В своих отношениях к первой жене мистер Домби, холодный и высокомерный, держал себя, как некое высшее существо и едва ли не почитал себя таковым. Для нее он был «мистером Домби», когда она впервые его увидела, и оставался «мистером Домби» вплоть до ее смерти. Он утверждал свое величие на протяжении всей их супружеской жизни, и она покорно его признавала. Он сохранил за собой свое высокое положение на троне, а она — свое скромное местечко на нижней его ступени; и благо было ему, отдавшемуся в рабство единой идее. Он воображал, будто гордыня второй его жены соединится с его гордыней, вольется в нее и укрепит его величие. Он видел себя более надменным, чем когда бы то ни было, полагая, что надменность Эдит будет споспешествовать его собственной надменности. Ему и в голову не приходило, что высокомерие супруги может обернуться против него. А теперь, когда он убедился, что оно преграждает ему путь на каждом шагу и повороте его повседневной жизни, обращая к нему свой холодный, вызывающий и презрительный лик, гордыня его, вместо того чтобы увянуть или склонить голову под ударом, пустила свежие побеги, стала более сосредоточенной и напряженной, более мрачной, угрюмой и неподатливой, чем когда-либо прежде.

Кто надевает такую броню, навлекает на себя также другое тяжкое возмездие. Броня непроницаема для примирения, любви и доверия, для всех нежных чувств, наплывающих извне, для сострадания, кротости, доброты. Но к глубоким уколам, наносимым самолюбию, она чувствительна так же, как обнаженная грудь — к ударам кинжала; и при этом открываются такие мучительные гнойники, каких не найти в других ранах, хотя бы их и нанесла железная рука самой гордыни, обратившаяся против гордыни более слабой, обезоруженной и поверженной.

Таковы были его раны. Он ощущал их болезненно в уединении своих старых комнат, куда он снова начал удаляться и проводить в одиночестве долгие часы. Казалось, судьба обрекла его быть всегда гордым и могущественным, всегда униженным и беспомощным, меж тем как он должен был быть особенно сильным. Кому суждено было осуществить эту волю рока?

Кому? Кому удалось завоевать любовь его жены так же, как некогда любовь его сына? Кто была та, которая оповестила его об этой новой победе, когда он сидел в темном углу? Кто была та, чье единое слово достигало цели, которой он не мог достигнуть при всем напряжении сил? Кто была та, лишенная его любви, заботы и внимания, которая цвела и преуспевала, тогда как умирали те, него он оберегал? Кем могла она быть, как не той самой дочерью, на которую он часто посматривал смущенно в пору ее сиротливого детства, охваченный страхом, что может ее возненавидеть, и по отношению к которой его предчувствие сбылось, ибо он ненавидел ее?

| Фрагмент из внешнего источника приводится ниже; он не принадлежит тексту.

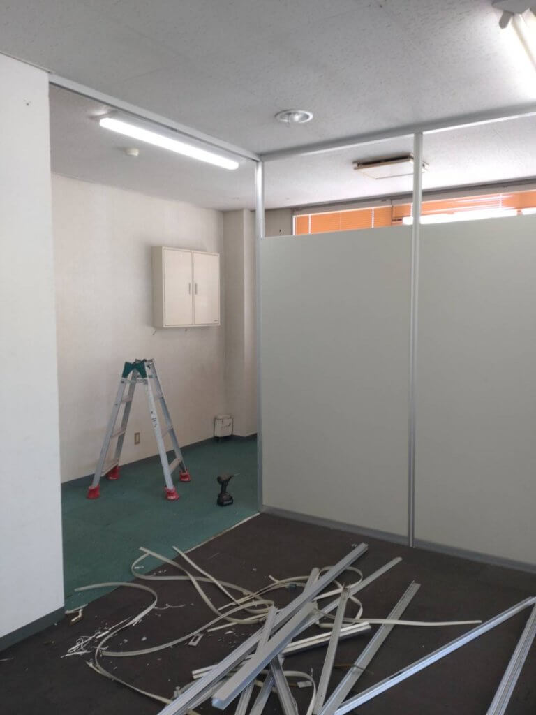 まずはパーテーションを解体撤去して
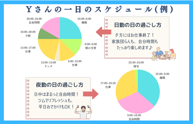 勤務時間詳細 実働時間:1日あたり6時間 〜 7時間30分 平均勤務日数:1ヶ月あたり20日 〜 23日 【1週間ごとの交代制シフト勤務】 ①昼勤:9:00〜17:00(休憩1時間15分) ②夕方勤:17:00〜23:30(休憩30分) ※夕方勤週には「中番勤務(13:30〜19:30)」が1回あり ※基本的に土日休み(土曜日は業務状況に応じて出勤の場合あり) ◇希望休の相談もしやすく、家族の急な体調不良などによるお休みにも柔軟に対応できる職場環境です。
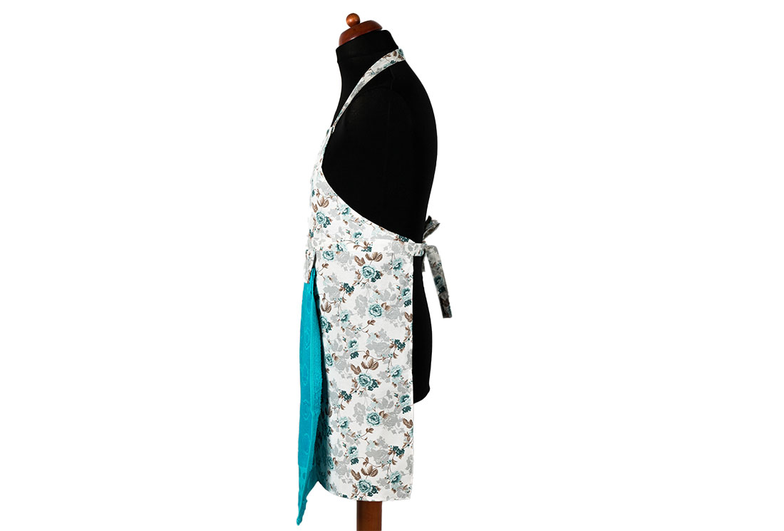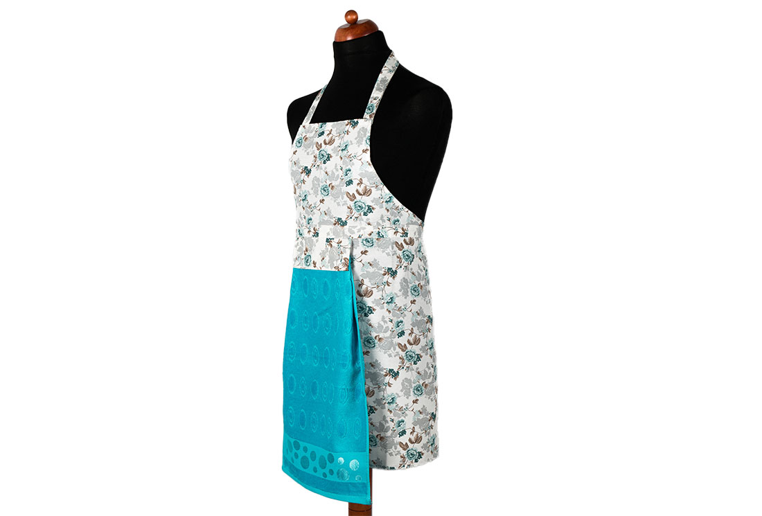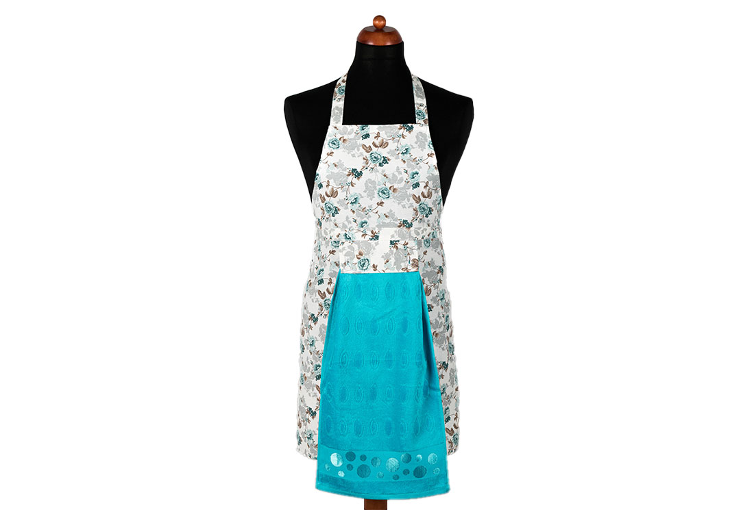 التسليم والأبعاد : 1x مريلة مطبخ بنمط زهور Dekonaz | هدية تركواز لمنشفة ومنديل يد | 73 سم × 59 سم
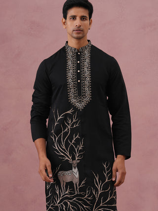 Men Ethnic Navy Blue Woven Design Kurta with Pyjamas
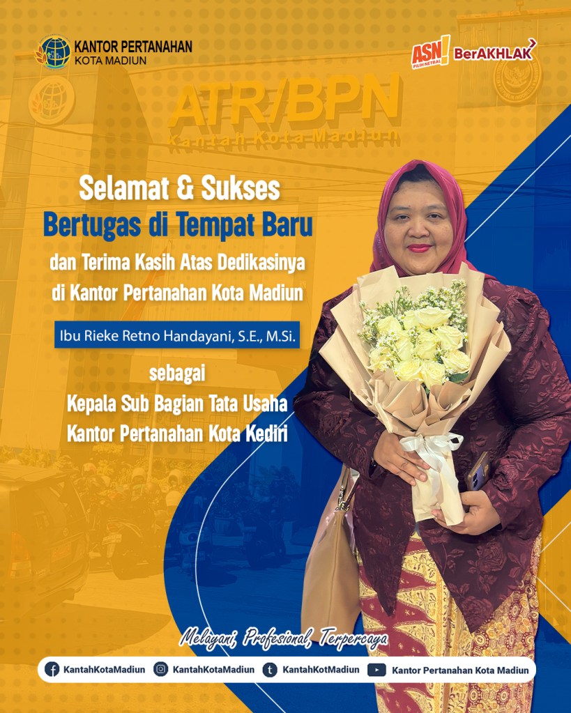 Segenap Jajaran Kantor Pertanahan Kota Madiun Mengucapkan Selamat dan Sukses atas dilantiknya Ibu Rieke Retno Handayani, S.E., M.Si. sebagai Kepala Sub Bagian Tata Usaha Kantor Pertanahan Kota Kediri.
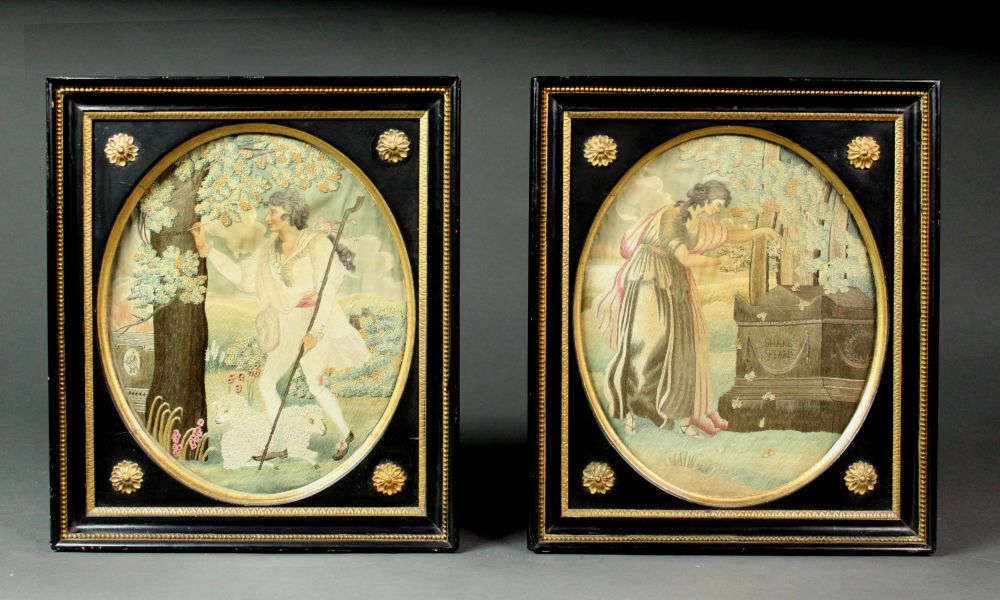 An exceptional pair of Regency needleworks in silk in their original frames: Constantine and Shakespeare.
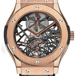 45mm 18K King Gold case, sapphire crystal back, 18K King gold bezel, black composite resin lateral inserts and bezel lugs, sapphire dial, manual winding MHUB 6010.H1.8 movement with skeleton tourbillon, approximately 120 hours of power reserve, black rubber and alligator strap with deployant buckle. Water resistant to 50 meters.
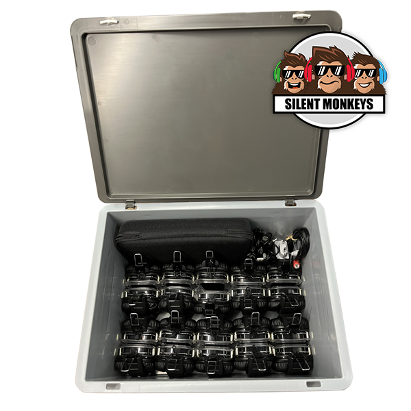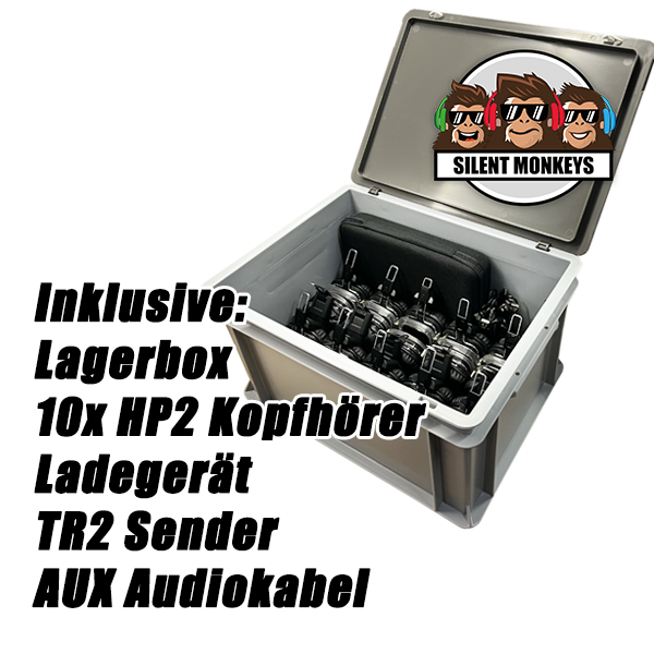 - Komplettes Set für eine Silent Disco für bis zu 10 Personen

Да, и он хотел ее ненавидеть и укрепил эту ненависть, хотя на девушку еще падал иногда отблеск того света, в каком она предстала перед ним в памятный вечер его возвращения с молодой женой. Он знал теперь, что она красива; он не оспаривал того, что она грациозна и обаятельна и что он был изумлен, когда она явилась перед ним во всем очаровании своей юной женственности. Но даже это он ставил ей в вину. Предаваясь мрачному и нездоровому раздумью, несчастный, смутно понимая свое отчуждение от всех людей и бессознательно стремясь к тому, что всю жизнь от себя отталкивал, усвоил превратное представление о своих правах и обидах и благодаря этому оправдывал себя перед ней. Чем более достойной его обещала она стать, тем больше склонен он был притязать задним числом на ее уважение и покорность. Разве выказывала она когда-нибудь свое уважение и покорность? Чью жизнь украшала она — его или Эдит? Кому первому открыла свое обаяние — ему или Эдит? Да ведь отношения между ними с самого ее рождения не походили на отношения между отцом и дочерью! Они всегда были чужды друг другу. Она всегда поступала наперекор ему. Теперь она участвовала в заговоре против него. Ее красота смягчала натуры, не склонившиеся перед ним, и оскорбляла его своим противоестественным торжеством.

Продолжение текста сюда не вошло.